■ **Data segment**
========================================================================

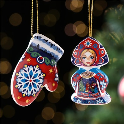 Набор ёлочных игрушек "Машенька и варежка", 6 см
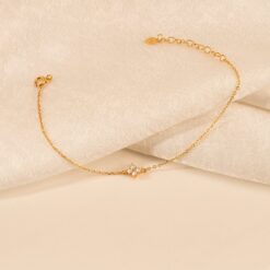 Dainty Diamond Flower Bracelet – Gold/Silver Minimalist Charm Bracelet – Bridesmaid Item
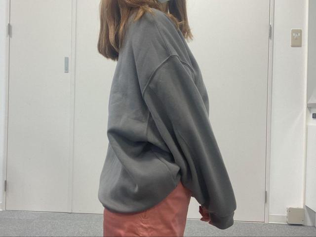 オーバーサイズなので、身長170cmの私はMサイズを選びました。大きめに作られているのに、もたついて見えない適度な生地の厚みは、すごく考えて作られているなと感じました!
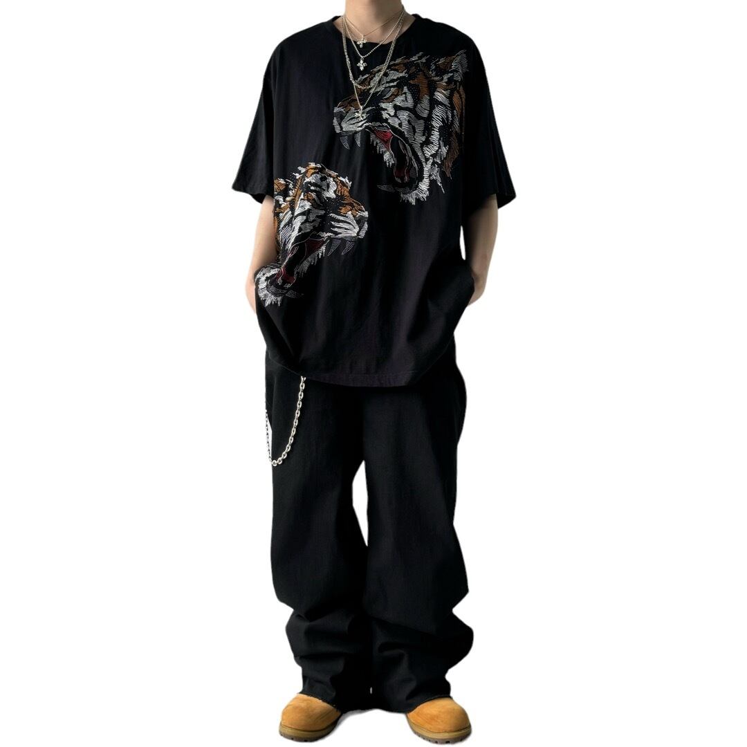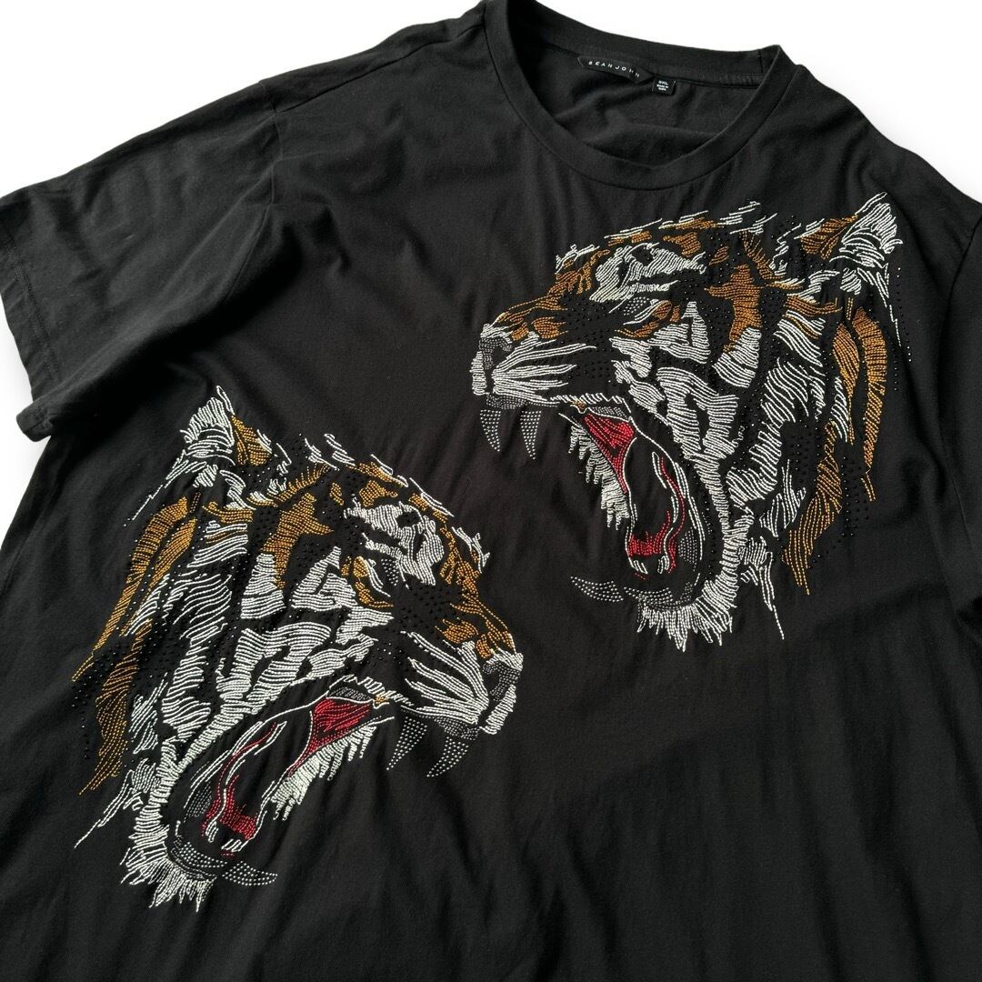 二匹の虎を刺繍とラインストーンで表現したデザインTee.

========================================================================

■ **The task**
Every line of the material must be reproduced verbatim; the pictures are to be omitted.

■ **Finished task**
 Набор ёлочных игрушек "Машенька и варежка", 6 см
 Dainty Diamond Flower Bracelet – Gold/Silver Minimalist Charm Bracelet – Bridesmaid Item
 オーバーサイズなので、身長170cmの私はMサイズを選びました。大きめに作られているのに、もたついて見えない適度な生地の厚みは、すごく考えて作られているなと感じました!
 二匹の虎を刺繍とラインストーンで表現したデザインTee.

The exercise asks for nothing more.